Rogers Communications reported a substantial increase in its first-quarter profit for the fiscal period ending March 31, 2026, supported by strong performance in its service and media divisions. The Canadian telecommunications provider also updated its financial outlook for the remainder of the year, signaling a shift toward higher cash generation and reduced capital spending.
For the first quarter, Rogers posted net income of 482 million Canadian dollars ($352.8 million), or C$0.80 per share. This represents a significant rise from the C$280 million, or C$0.50 per share, recorded in the same period of the previous year. On an adjusted basis, earnings reached C$1.01 per share, a figure that aligned with the consensus estimates provided by analysts surveyed by FactSet.
Total revenue for the quarter climbed 10% to C$5.48 billion, surpassing the C$5.44 billion anticipated by market analysts. This growth was primarily fueled by a 10% increase in service revenue, reflecting steady demand across its core wireless and wireline offerings. The company’s media segment also showed a marked improvement, with revenue rising to C$988 million from C$542 million in the prior year’s first quarter.
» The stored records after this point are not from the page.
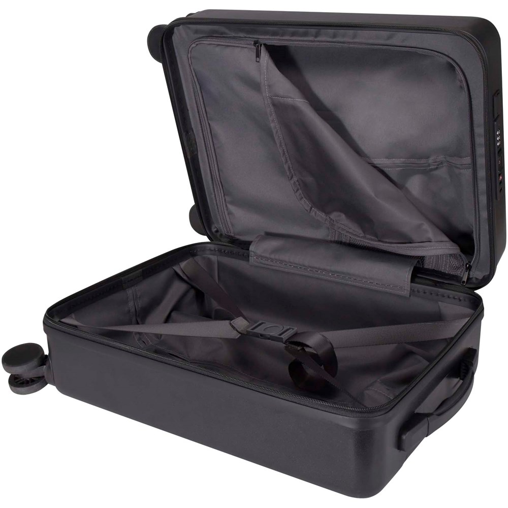 Le trolley cabine Rover Pro 20'' se distingue vraiment par son compartiment pour ordinateur portable 20'' ouvert à l'avant et son port de chargement USB intégré, ce qui en fait un compagnon de voyage idéal pour les voyages d'affaires comme de loisirs. Ce trolley est fabriqué en plastique recyclé certifié GRS résistant aux chocs et doté d'une doublure en RPET de qualité. Il comporte un compartiment pour ordinateur portable à ouverture frontale, des poches de rangement pour les accessoires électroniques et une serrure à combinaison TSA pour le compartiment principal et le compartiment à ouverture frontale. Le chariot est également doté de doubles roues pivotantes à 360 degrés pour faciliter sa manipulation dans les aéroports. Peut être emporté comme bagage à main avec la plupart des compagnies aériennes.
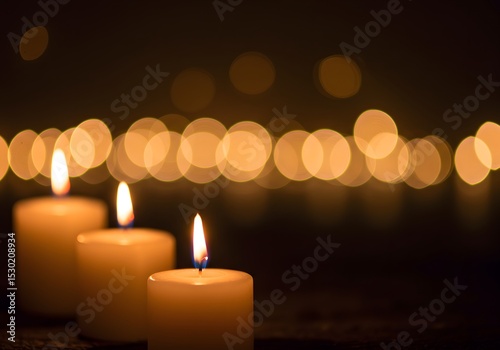 Serene Night: Three Candles Glowing in the Dark with Blurry Lights
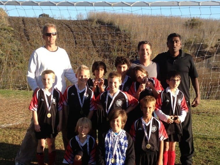 The Rhinos (back row, from left) coach Jon Krawczyk, Aiden Gunasekera, Diego Franco, coach John Franco, coach Sid Gunasekera, (middle row) Ethan Readyhoff, Jak Krawczyk, Stefan Colburn, Zennon Ulyate- Crow, Jett Kletter, (front row) Fletcher Shumow, Garen Harper and Jared Hughes celebrate their big win.
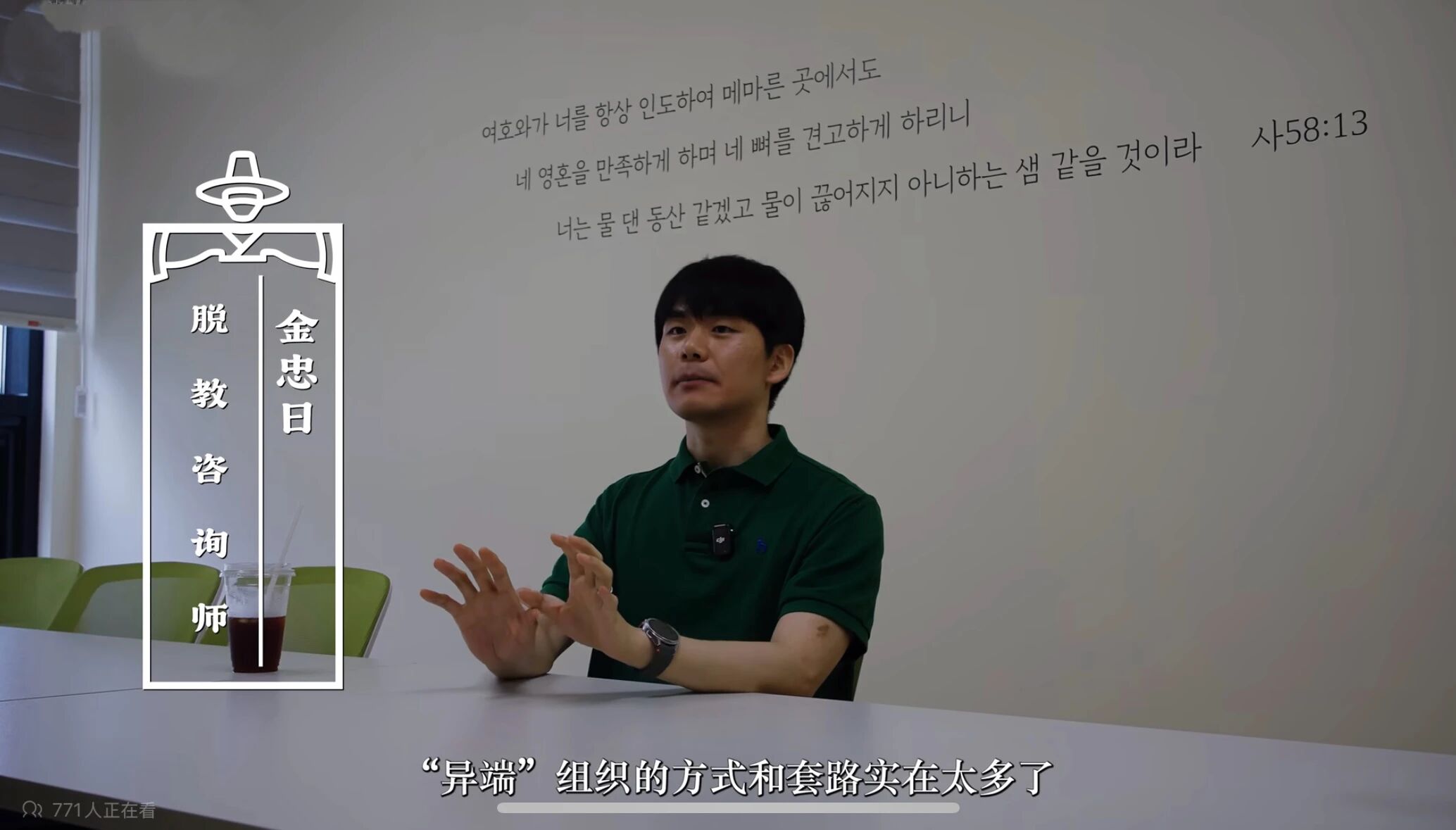 而他们口中的韩国文化,即这种宗教,一开始总是会寻找一些处于失业、失学或者生病等有着某种“缺陷”的、内心脆弱的人,然后掌控你的信息和社会关系,不断地给你洗脑,让你按照他们的意图进行思考和判断,给你提供一种假希望,实则精神操控着你,最终你会陷进去,损失钱财和自己的思考能力,侵犯他人的人权和幸福权,破坏公共秩序。不仅如此,一旦陷入邪教,就会陷入隧道视野,只愿意看自己想看的,只愿意听自己想听的,本能地抗拒相反的事物,因此会越陷越深。

In terms of operational metrics, Rogers added 33,000 total mobile phone subscribers during the quarter. This total included 28,000 postpaid additions, which significantly exceeded analyst expectations of 6,800. Additionally, the company reported 7,000 new retail internet connections. These figures contrasted with analyst projections, which had also factored in approximately 4,700 prepaid additions. The subscriber growth comes as the company continues to integrate its expanded network footprint.
Alongside its quarterly results, Rogers Communications adjusted its financial guidance for the full 2026 fiscal year. The company now expects its annual cash expenditures to fall within a range of C$2.5 billion to C$2.7 billion. This is a downward revision from the previously issued guidance of C$3.3 billion to C$3.5 billion.
As a result of the lower projected spending, the company raised its expectations for free cash flow. Rogers now forecasts full-year free cash flow to be between C$4.1 billion and C$4.3 billion, up from the earlier projection of C$3.3 billion to C$3.5 billion. Management indicated that the revised outlook is a direct result of disciplined capital allocation and the realization of synergies from previous infrastructure investments. The company stated that it remains focused on balancing network investments with debt reduction throughout the remainder of the fiscal year.